1.2 What is control theory? - an initial discussion
Many areas of study are fortunate in that their titles trigger an immediate image of their scope and content. For instance, the names "human anatomy', 'veterinary medicine', 'aeronautical engineering' and 'ancient history' all conjure up coherent visions of well-defined subjects. This is not so for control theory although almost everyone is interested in control in the sense of being able to achieve defined objectives within some time frame. Rather specific examples occur in the named professions of ‘financial controller' and 'production controller'.
Fig.5 The three elements needed for successful control design
Control theory applies to everyday situations, as in the examples given above, just as well as it applies to the more exotic task of maneuvering space vehicles. In fact, the concepts of control theory are simple and application-independent. The universality of control theory means that it is best considered as applied to an abstract situation that contains only the topological core possessed by all situations that need to be controlled. Such an abstract situation is called a system.

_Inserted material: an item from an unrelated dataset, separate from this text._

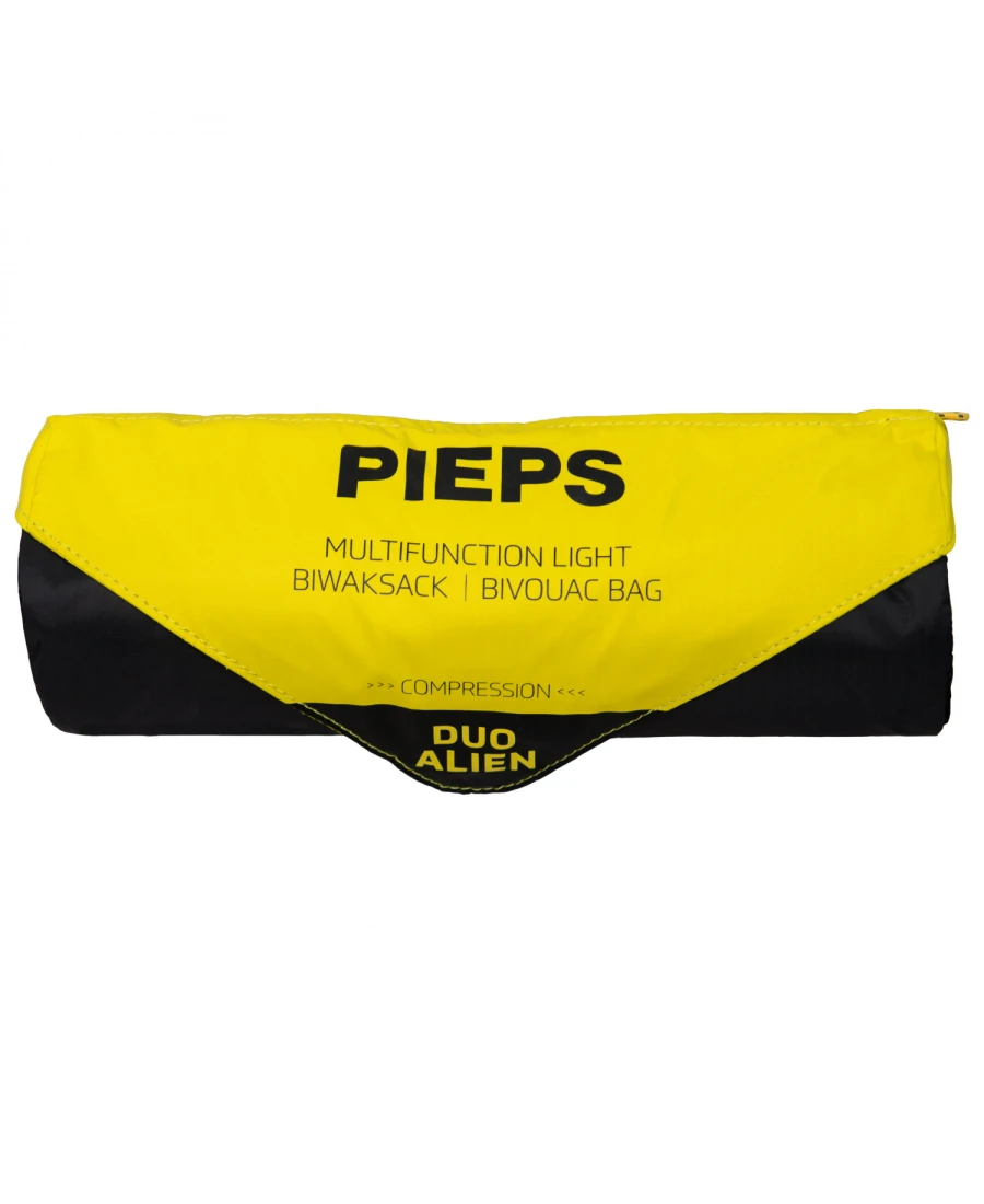 Der Pieps Bivy Duo Alien ist ein vielseitig einsetzbarer Biwaksack für zwei Personen oder für eine Person inkl. Ausrüstung, der dank seines kleinen Packmaßes und dem geringen Gewicht in jedem Rucksack Platz findet. Der Bivy Duo Alien ist im Vergleich zum Bivy Duo mit zwei getrennten Abschlüssen für den Kopf ausgestattet, damit zwei Person bequem und ohne Wärmeverlust darin schlafen können.

The argument is that if we know how to control a highly general situation called a system then we shall be able to control any and every particular situation. This is the viewpoint of control theory and it is this viewpoint that gives it its extraordinary power.
Thus any situation, delineated from its environment for study, is called a system. When control theory wishes to study temperature regulation in the human body, it concerns itself with a system involving blood circulation, heat generation and heat loss mechanisms and decision-making by the brain. Systems can usefully be defined in almost any discipline they are not confined to science or engineering.
Control theory concerns itself with means by which to alter the future behaviour of systems. For control theory to be successfully applied, there needs to be available:
A purpose or objective that is linked with the future state of the system. (Clearly the past cannot be influenced nor, since no response can take place in any system in zero time, can the present.)
The objective of any control system in every case is connected with the performance of the system over some period of time – the accountant and the industrial manager want to see long periods of smooth and profitable operation. Sometimes this leads to conflicting requirements, in the sense that short term objectives are frequently in direct opposition to long term objectives. In general terms this objective can be considered to be the desired behaviour of the system.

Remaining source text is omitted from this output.